Bir öğrenci sınıfı geçmeye yetecek kadar
not için çalışmışsa sınıfı geçmek yetecektir onun hayallerine. Lakin öğrencilik
bittikten sonraki yaşamı hep günü kurtarma derdiyle geçecek ve iki yakasını bir
araya getirememenin acısıyla yaşamayı daha öğrenciyken seçmiş olacaktır. Adına
hayat dediği dünyada üç beş günlük sultanlıktan öte söz hakkı kalmayacaktır
asla. Çünkü günü kurtarmaya tav olmuştur hayat merdiveninin daha ilk
basamaklarında. Sonrasında yine bir özlü söz gelip duracak karşısında: “Hayalleriniz yıldızlara ulaşmak olsun,
ulaşamazsanız da yükselmiş olursunuz.”
Bir öğretmenin öğrencilerine eğitim
adına, öğretim adına ve dahası hayat deneyimi adına verebileceği bir şey
kalmamışsa işte o an kaybetmiştir öğrencileri üzerindeki temsil hakkını.
Öğretmen arkasından yürüyen öğrencilerine rehberlik edip yollarını
aydınlatamıyorsa yapabileceği tek bir şey kalmıştır ve o da artık o yoldan çekilip
emekli olmaktır.

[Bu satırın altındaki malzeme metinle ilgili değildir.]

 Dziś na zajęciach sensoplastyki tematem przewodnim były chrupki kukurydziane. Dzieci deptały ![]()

Bu kararı verebilen öğretmen görevini zirvede tamamlamıştır ve
bir ömür saygıya layıktır.
Bir fikir köhneleşmiş, insanların
hayatına artı bir değer katmıyor ve kaybetmişse ışığını, sönmeye mahkûmdur. O
fikrin kendi iflasını kabullenmekten başka bir çaresi de yoktur.

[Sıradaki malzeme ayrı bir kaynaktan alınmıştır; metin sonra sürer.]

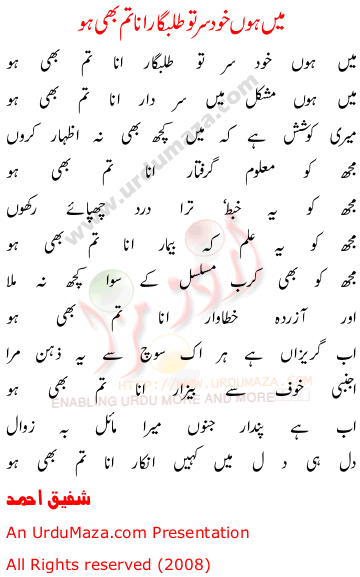 Main Hoon Khud Sar Tu Ana Talabgar Tum Bhi Ho By Shafeeq Ahmed

Velhasıl, bu örnekleri uzun uzadıya
uzatmak hepimiz için gayet mümkündür. Hatta içinde bulunduğumuz çevremizde
bunun örneklerine çok sık rastlamaktayız. Ancak örnekler malumun ilanına işaret
etmek içindir. Malum ilan olduktan sonra verilmiş olan örnekler aklıselim olanlar
için kâfidir. Bunun ile ilgili yine büyüklerimizin güzel bir sözü vardır: “Arif olan anlar.”

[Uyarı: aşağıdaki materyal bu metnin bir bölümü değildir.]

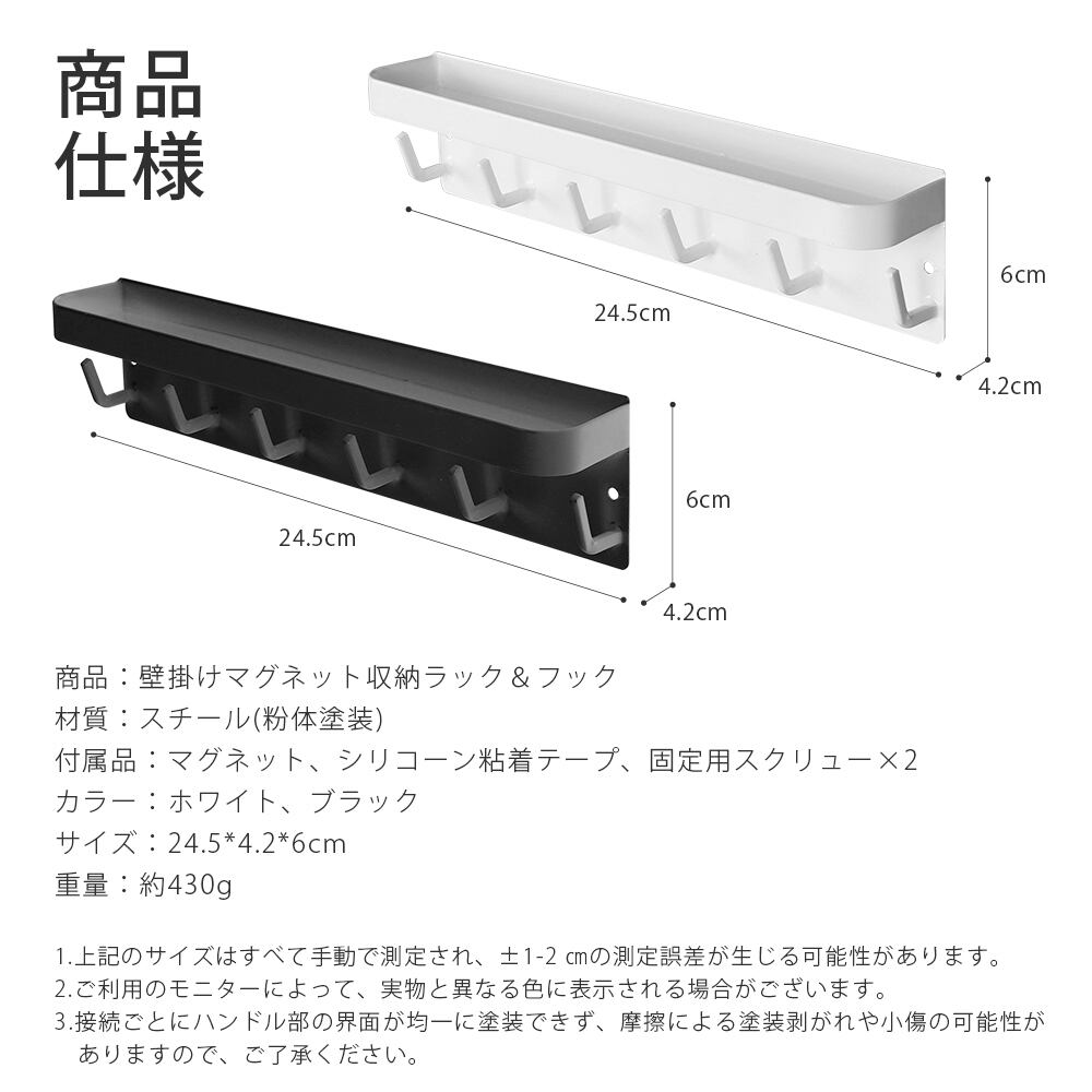 【送料無料】壁掛けマグネット 収納ラック&フック小物入れ インテリア 設置簡単 壁面を傷つけにくい(ホワイト)【JP210-01】

Herhangi bir fikri, bir ideolojiyi körü
körüne benimsemeye taassup veya bağnazlık denir. Sorgulanmayan
fikirlerin insanlığa ve inanca fayda sağlaması beklenemez. Bu tür fikirler
sadece belli bir zümre veya şahıslara fayda sağlar. Sorgulanmış fikirden daha
kötüsü ise sorgulamayan insandır.
Kendisine söylenen her şeyi duyduğu gibi körü körüne kabullenen insandan daha
tehlikelisi yoktur. Yaşayan bir canlı bombadır ve canlı bomba olduğundan haberi
dahi yoktur. Çünkü kendi iradesini tamamen ipotek altına aldırmıştır. Kendi hür
iradesiyle karar verebilme yetisini kaybetmiştir. Ülke olarak da bunun en acı
örneğini 15 Temmuz'da hazin bir şekilde deneyimledik. Temsil hakkını kaybetmiş
kişilerin tüm ülkeyi temsil ettiklerini zannederek aptal cesaretiyle ortaya
koydukları kalkışma bağnazlığın yakın zamanda şahit olduğumuz en hazin
örneğidir.
Bağnazlık sadece bir fikre körü körüne
bağlanmak olmayıp, bireysel olarak da kişinin kendisini en mükemmel görmesi ve
kendisinden sonrasının tufan olacağını söylemesi de bağnazlığın bir başka
boyutudur. Bu tip kişi ve kişilikler için her türlü başarısızlık koltuğunda
oturduğu müddetçe başarıdır. Başarıya yüklediği anlam kendi menfaatinden öte
bir durum değildir. Lakin bu tip kişiler temsil hakkını kaybettiklerinden de
bihaberdir. Bunun bile bilincinde değillerdir.
Hakikat insanların bulundukları yerlere
güç katmasını ister, bulundukları yerden güç devşirmelerini değil. Ne mutlu
bulundukları yerlere güç katarak o makamların temsil hakkını layıkıyla yerine
getirenlere.
Konuyla ilgili Rabbimizin ayetini
hatırlatarak yazımıza son verelim: “Allah,
size, emanetleri mutlaka ehline vermenizi ve insanlar arasında hükmettiğiniz
zaman adaletle hükmetmenizi emrediyor. Doğrusu Allah, bununla size ne güzel
öğüt veriyor! Şüphesiz ki Allah, hakkıyla işitendir, hakkıyla görendir.”
(Nisa Suresi, 58. Ayet)
Allah hepimizi şu imtihan dünyasında
aile, iş, arkadaş çevresi ve rol model olarak bulunduğumuz herhangi bir ortamda
temsil hakkını layıkıyla yerine getirenlerden eylesin.